**Task prompt:** In the copy you make of the entries, no picture should appear, and every word must match.
# # # # #
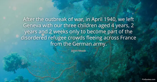 Meade, James. (2026, January 18). After the outbreak of war, in April 1940, we left Geneva with our three children aged 4 years, 2 years and 2 weeks only to become part of the disordered refugee crowds fleeing across France from the German army. FixQuotes. https://fixquotes.com/quotes/after-the-outbreak-of-war-in-april-1940-we-left-8131/
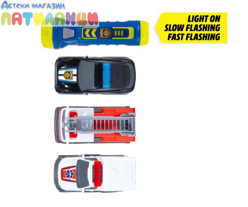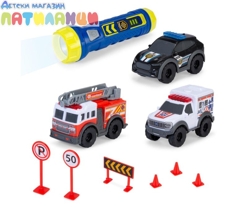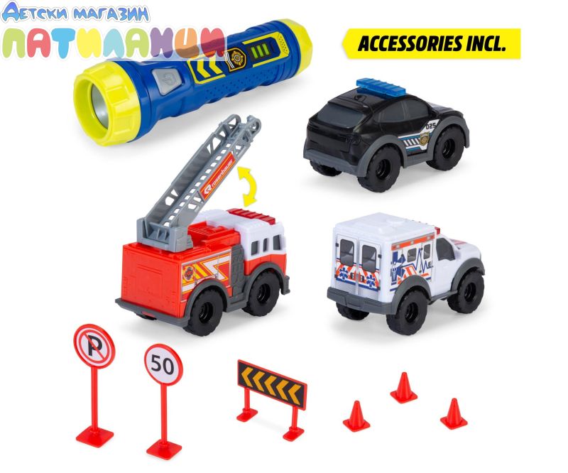 Dickie Toys - Комплект колички Micro SOS - 3 колички със свободен ход (полиция, пожарна и линейка) вкл. фенерче и аксесоари за игра, играчка количка за деца на 3 и повече години
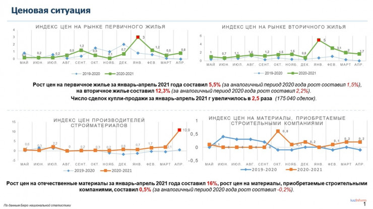 "На сегодня ситуация с ценами на рынке жилья нестабильная, отличается волатильностью. Рост цен на первичное жилье за январь-апрель 2021 года составил 5,5 процента. На вторичное жилье еще больше рост идет в этом году - 12,3 процента. Число сделок купли-продажи с начала года увеличилось в 2,5 раза - 175 тысяч сделок.
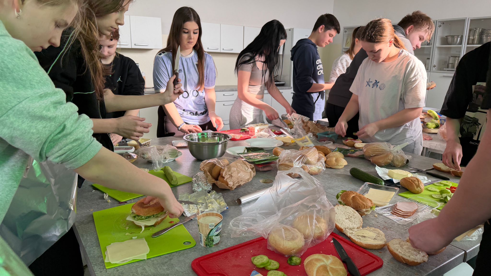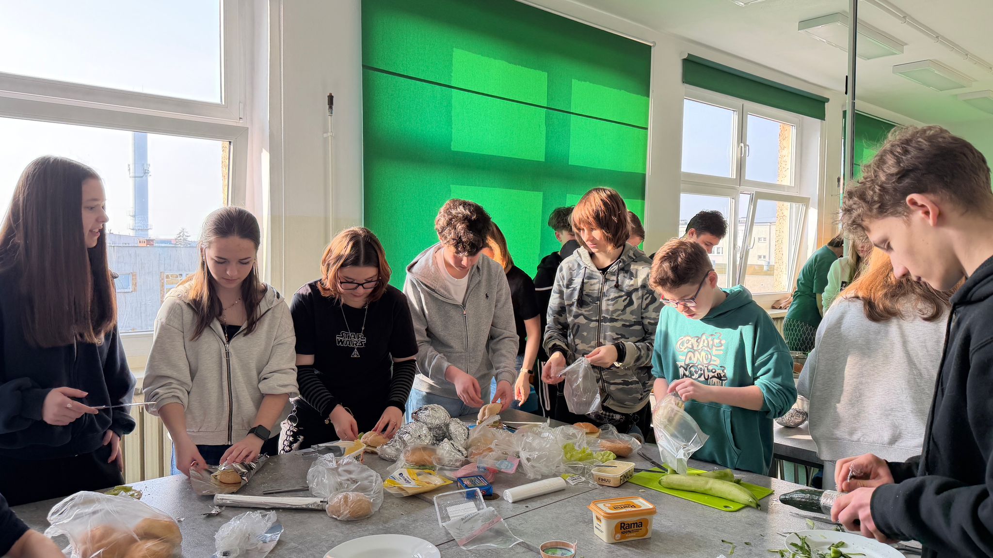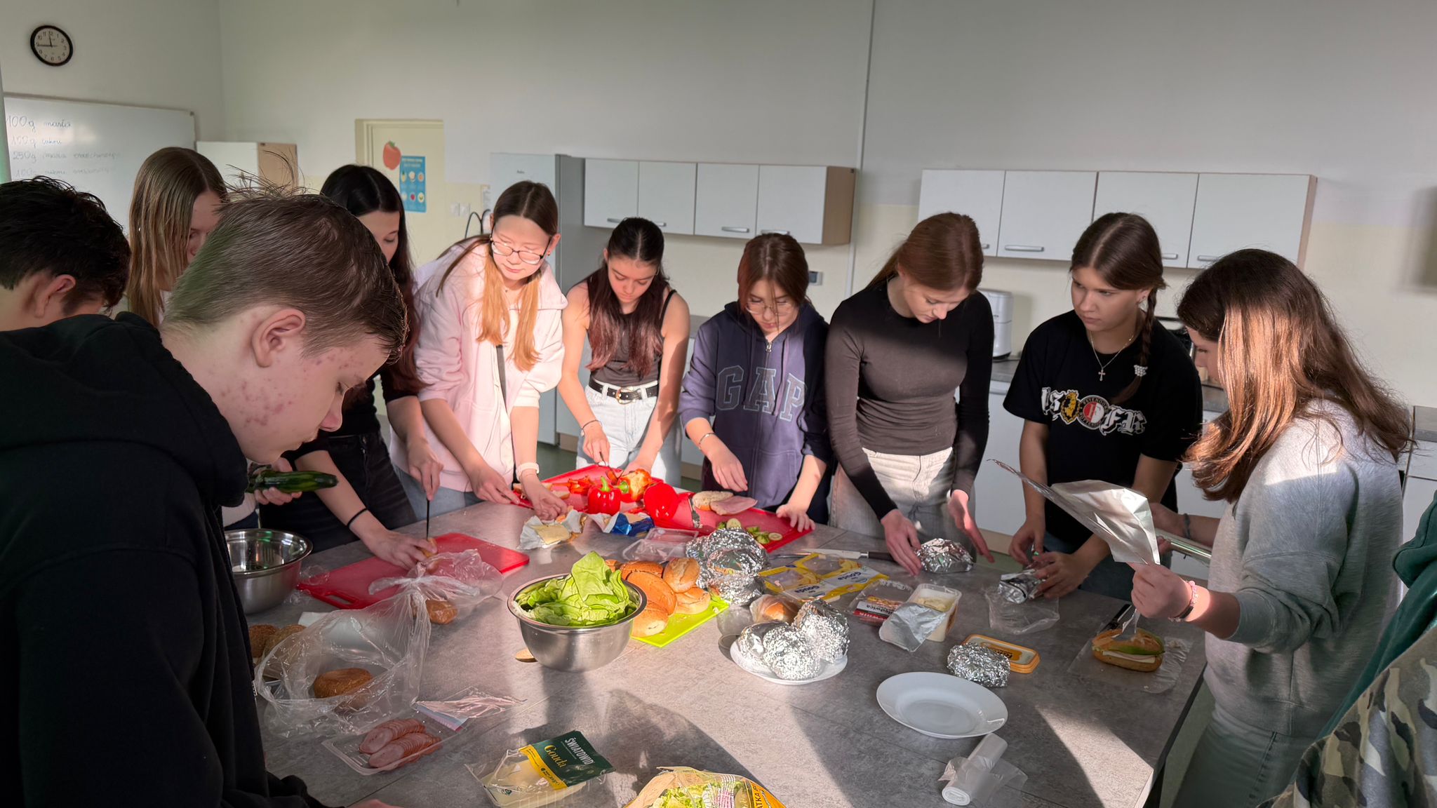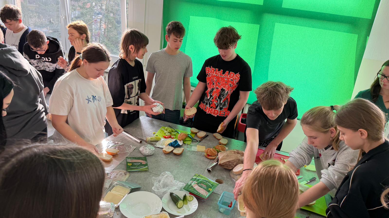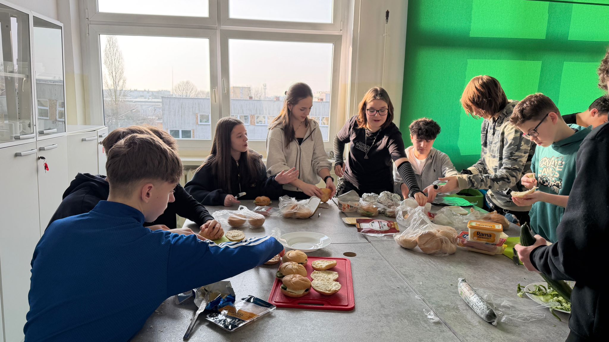 W ramach działalności Szkolnego Koła Wolontariatu oraz Samorządu Uczniowskiego uczniowie klas ósmych zorganizowali akcję przygotowywania kanapek oraz zbiórkę darów dla osób w potrzebie.
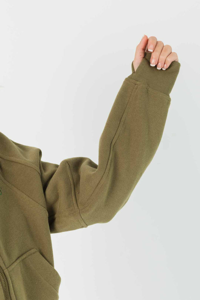 Chaqueta deportiva con capucha. Tacto suave con fleece interno para mayor calidez, bolsillos delanteros, detalles de goma elástica para ajuste perfecto en puños y cintura. Una prenda versátil tanto para tus entrenamientos como combinar en tus looks de todos los días.
# # # # #
**Written response:**
 Meade, James. (2026, January 18). After the outbreak of war, in April 1940, we left Geneva with our three children aged 4 years, 2 years and 2 weeks only to become part of the disordered refugee crowds fleeing across France from the German army. FixQuotes. https://fixquotes.com/quotes/after-the-outbreak-of-war-in-april-1940-we-left-8131/
 Dickie Toys - Комплект колички Micro SOS - 3 колички със свободен ход (полиция, пожарна и линейка) вкл. фенерче и аксесоари за игра, играчка количка за деца на 3 и повече години
 "На сегодня ситуация с ценами на рынке жилья нестабильная, отличается волатильностью. Рост цен на первичное жилье за январь-апрель 2021 года составил 5,5 процента. На вторичное жилье еще больше рост идет в этом году - 12,3 процента. Число сделок купли-продажи с начала года увеличилось в 2,5 раза - 175 тысяч сделок.
 W ramach działalności Szkolnego Koła Wolontariatu oraz Samorządu Uczniowskiego uczniowie klas ósmych zorganizowali akcję przygotowywania kanapek oraz zbiórkę darów dla osób w potrzebie.
 Chaqueta deportiva con capucha. Tacto suave con fleece interno para mayor calidez, bolsillos delanteros, detalles de goma elástica para ajuste perfecto en puños y cintura. Una prenda versátil tanto para tus entrenamientos como combinar en tus looks de todos los días.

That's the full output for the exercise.